==== DATASET RECORDS

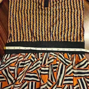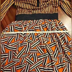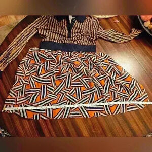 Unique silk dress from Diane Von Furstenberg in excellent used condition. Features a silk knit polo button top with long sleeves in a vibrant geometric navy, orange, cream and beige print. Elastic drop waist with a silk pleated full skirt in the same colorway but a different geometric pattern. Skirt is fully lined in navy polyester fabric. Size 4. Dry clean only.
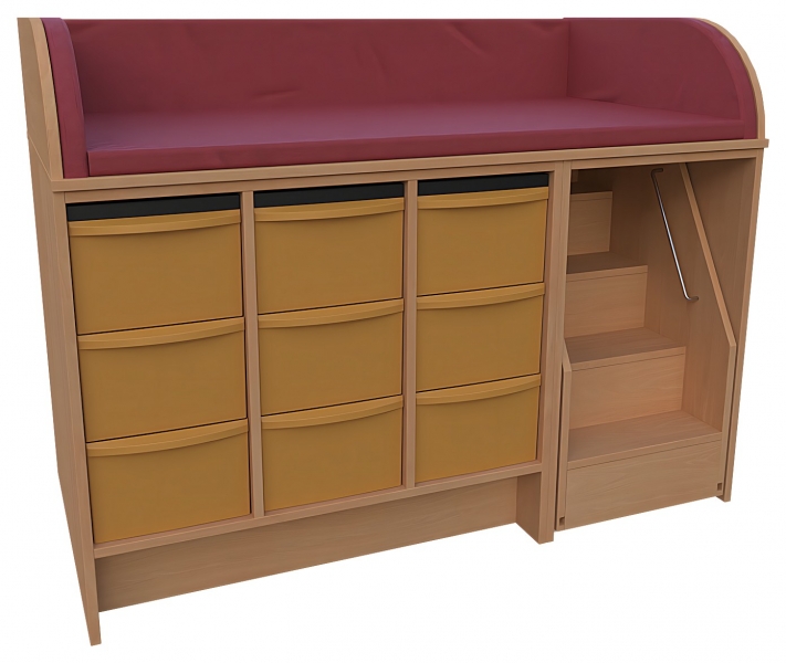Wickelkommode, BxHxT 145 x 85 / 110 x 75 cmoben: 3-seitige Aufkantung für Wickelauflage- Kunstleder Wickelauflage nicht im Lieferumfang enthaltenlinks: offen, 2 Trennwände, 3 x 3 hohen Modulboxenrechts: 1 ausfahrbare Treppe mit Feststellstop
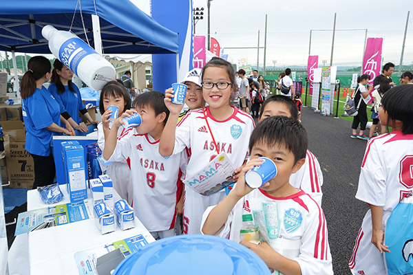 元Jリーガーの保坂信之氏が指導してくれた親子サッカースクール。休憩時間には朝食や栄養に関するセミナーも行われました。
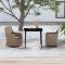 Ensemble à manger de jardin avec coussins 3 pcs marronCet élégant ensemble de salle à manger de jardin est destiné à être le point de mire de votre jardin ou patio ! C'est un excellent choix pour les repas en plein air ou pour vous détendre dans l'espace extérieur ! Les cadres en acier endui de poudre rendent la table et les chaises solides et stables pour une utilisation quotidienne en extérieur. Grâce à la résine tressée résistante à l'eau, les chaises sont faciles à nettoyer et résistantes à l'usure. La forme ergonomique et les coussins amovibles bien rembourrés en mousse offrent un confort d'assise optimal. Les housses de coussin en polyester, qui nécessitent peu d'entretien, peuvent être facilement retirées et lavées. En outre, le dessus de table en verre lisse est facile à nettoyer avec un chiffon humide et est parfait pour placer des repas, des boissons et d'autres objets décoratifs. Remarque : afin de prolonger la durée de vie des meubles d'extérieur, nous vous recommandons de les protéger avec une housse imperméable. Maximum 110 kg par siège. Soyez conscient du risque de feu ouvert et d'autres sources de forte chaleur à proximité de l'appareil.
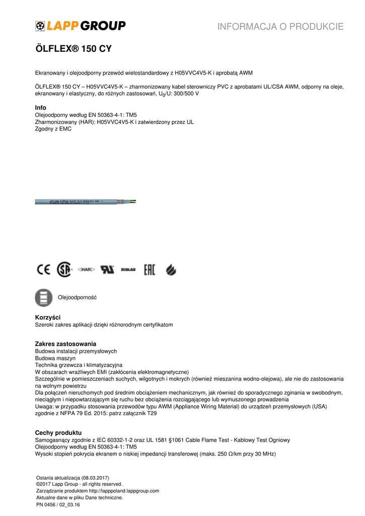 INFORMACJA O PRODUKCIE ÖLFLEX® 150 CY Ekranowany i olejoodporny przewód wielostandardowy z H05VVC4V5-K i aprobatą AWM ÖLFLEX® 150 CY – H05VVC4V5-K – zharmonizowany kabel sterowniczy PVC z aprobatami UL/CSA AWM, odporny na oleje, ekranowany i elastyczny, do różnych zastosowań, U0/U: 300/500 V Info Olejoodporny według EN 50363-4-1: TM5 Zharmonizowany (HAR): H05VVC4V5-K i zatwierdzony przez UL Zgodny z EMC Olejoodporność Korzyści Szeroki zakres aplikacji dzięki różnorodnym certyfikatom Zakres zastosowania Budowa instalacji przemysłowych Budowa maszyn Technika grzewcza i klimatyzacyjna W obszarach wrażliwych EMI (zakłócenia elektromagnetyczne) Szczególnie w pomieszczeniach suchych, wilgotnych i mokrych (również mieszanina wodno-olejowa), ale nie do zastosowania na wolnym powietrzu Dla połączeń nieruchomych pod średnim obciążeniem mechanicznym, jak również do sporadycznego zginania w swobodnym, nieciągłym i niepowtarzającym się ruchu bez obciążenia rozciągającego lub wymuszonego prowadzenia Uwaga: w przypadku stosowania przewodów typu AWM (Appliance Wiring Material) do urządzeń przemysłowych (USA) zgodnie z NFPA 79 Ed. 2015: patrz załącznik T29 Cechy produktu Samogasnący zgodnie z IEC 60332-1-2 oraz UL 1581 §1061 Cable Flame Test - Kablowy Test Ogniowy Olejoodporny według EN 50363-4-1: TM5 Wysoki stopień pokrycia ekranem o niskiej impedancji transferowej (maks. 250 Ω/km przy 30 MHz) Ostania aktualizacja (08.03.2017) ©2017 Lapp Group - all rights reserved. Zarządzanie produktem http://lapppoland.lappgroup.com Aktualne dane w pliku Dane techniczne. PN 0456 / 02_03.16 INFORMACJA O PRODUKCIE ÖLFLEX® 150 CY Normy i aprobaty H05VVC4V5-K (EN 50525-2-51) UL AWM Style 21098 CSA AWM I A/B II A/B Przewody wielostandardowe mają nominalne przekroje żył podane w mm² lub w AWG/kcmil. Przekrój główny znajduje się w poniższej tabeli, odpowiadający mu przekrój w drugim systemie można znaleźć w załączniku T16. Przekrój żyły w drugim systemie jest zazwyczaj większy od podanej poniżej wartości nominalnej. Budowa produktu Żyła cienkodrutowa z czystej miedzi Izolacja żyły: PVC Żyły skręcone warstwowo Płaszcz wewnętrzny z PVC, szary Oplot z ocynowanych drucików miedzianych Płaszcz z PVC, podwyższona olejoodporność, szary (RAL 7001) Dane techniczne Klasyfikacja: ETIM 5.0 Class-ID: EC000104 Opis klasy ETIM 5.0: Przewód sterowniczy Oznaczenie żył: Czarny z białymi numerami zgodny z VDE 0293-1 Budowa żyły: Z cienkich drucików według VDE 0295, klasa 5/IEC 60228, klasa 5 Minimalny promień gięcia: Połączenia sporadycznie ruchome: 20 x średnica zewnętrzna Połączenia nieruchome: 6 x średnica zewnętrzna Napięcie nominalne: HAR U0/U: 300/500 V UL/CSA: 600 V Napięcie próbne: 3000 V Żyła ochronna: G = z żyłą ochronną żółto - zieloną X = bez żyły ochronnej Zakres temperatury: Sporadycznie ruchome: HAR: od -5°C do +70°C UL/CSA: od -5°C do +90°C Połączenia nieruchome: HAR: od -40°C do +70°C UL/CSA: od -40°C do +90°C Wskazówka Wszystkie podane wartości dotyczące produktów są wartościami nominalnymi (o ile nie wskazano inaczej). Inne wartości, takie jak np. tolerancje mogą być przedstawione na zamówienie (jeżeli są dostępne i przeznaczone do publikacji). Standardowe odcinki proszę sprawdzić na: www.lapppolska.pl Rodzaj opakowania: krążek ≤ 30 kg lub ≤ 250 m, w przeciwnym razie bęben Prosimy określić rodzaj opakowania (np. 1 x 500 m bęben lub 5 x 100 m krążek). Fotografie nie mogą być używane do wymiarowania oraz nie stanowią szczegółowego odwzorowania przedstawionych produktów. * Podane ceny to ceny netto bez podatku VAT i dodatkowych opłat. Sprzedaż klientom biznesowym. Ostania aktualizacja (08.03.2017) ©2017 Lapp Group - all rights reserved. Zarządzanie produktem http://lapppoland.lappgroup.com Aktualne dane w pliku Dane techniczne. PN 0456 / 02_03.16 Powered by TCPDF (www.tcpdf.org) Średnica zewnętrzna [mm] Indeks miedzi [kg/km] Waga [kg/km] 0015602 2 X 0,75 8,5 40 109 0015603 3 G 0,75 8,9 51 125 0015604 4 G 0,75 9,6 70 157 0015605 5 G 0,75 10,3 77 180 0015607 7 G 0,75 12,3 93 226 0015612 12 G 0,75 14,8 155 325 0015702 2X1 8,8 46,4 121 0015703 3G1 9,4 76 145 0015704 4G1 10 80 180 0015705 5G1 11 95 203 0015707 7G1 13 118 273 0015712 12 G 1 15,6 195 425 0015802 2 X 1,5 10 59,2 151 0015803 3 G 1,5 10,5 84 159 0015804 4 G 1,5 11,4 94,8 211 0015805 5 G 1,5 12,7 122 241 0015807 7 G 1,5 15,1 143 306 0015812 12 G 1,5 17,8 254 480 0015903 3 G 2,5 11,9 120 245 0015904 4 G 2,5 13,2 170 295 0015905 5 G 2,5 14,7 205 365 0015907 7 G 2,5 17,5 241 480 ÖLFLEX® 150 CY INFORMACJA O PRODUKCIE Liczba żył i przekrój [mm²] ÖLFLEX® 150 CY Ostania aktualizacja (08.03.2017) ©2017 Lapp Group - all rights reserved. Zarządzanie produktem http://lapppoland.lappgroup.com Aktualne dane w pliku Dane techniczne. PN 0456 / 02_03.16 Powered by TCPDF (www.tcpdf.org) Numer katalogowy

========
==== DATASET RECORDS

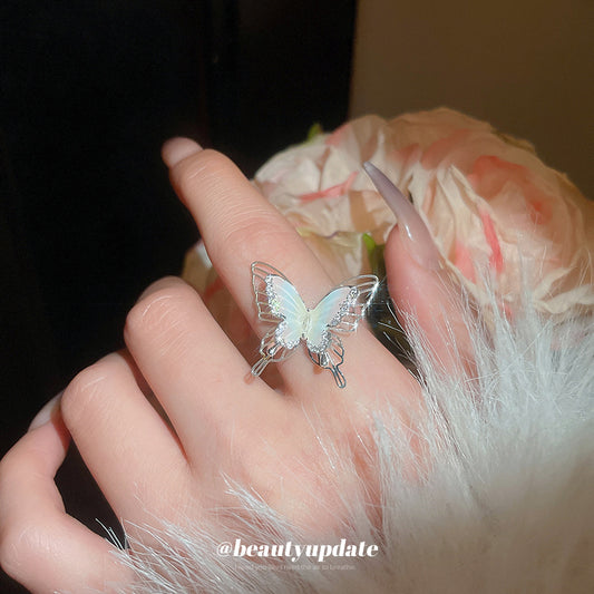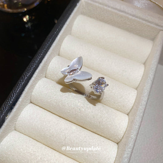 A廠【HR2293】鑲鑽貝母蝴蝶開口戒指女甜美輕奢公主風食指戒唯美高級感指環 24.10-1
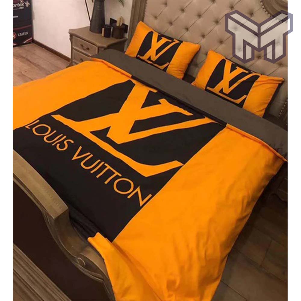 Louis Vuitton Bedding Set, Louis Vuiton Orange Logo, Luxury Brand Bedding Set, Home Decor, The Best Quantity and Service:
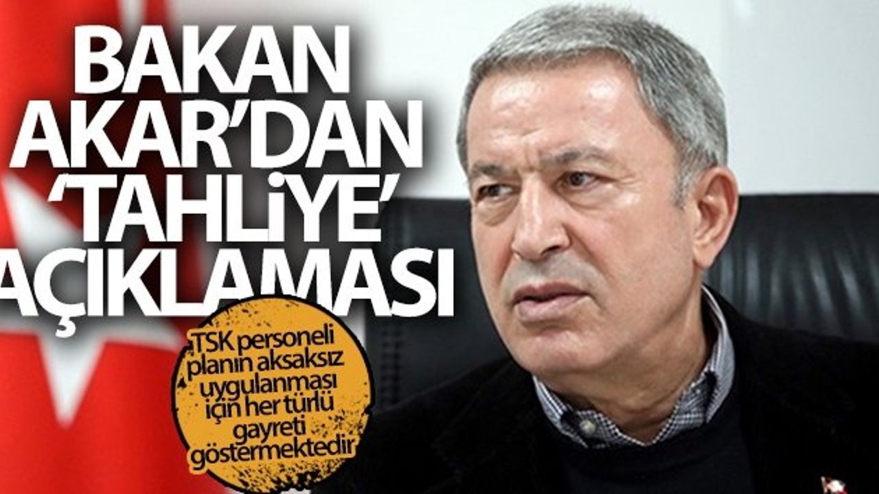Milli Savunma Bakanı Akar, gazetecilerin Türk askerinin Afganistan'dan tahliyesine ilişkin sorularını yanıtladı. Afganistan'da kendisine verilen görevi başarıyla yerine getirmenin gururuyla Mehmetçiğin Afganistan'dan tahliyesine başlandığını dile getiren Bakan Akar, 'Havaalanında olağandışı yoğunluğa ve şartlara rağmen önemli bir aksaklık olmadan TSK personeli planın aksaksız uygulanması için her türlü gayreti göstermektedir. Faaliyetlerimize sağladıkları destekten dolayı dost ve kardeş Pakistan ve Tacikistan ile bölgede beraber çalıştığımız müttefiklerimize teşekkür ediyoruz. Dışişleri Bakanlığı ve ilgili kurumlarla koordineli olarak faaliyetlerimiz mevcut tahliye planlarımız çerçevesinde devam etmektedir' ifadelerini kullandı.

========

Would you copy, word for word, only the lines above from the one containing "Wickelkommode, BxHxT 145" through the one containing "元Jリーガーの保坂信之氏が指", both included, and please leave out the pictures?

Wickelkommode, BxHxT 145 x 85 / 110 x 75 cmoben: 3-seitige Aufkantung für Wickelauflage- Kunstleder Wickelauflage nicht im Lieferumfang enthaltenlinks: offen, 2 Trennwände, 3 x 3 hohen Modulboxenrechts: 1 ausfahrbare Treppe mit Feststellstop
 元Jリーガーの保坂信之氏が指導してくれた親子サッカースクール。休憩時間には朝食や栄養に関するセミナーも行われました。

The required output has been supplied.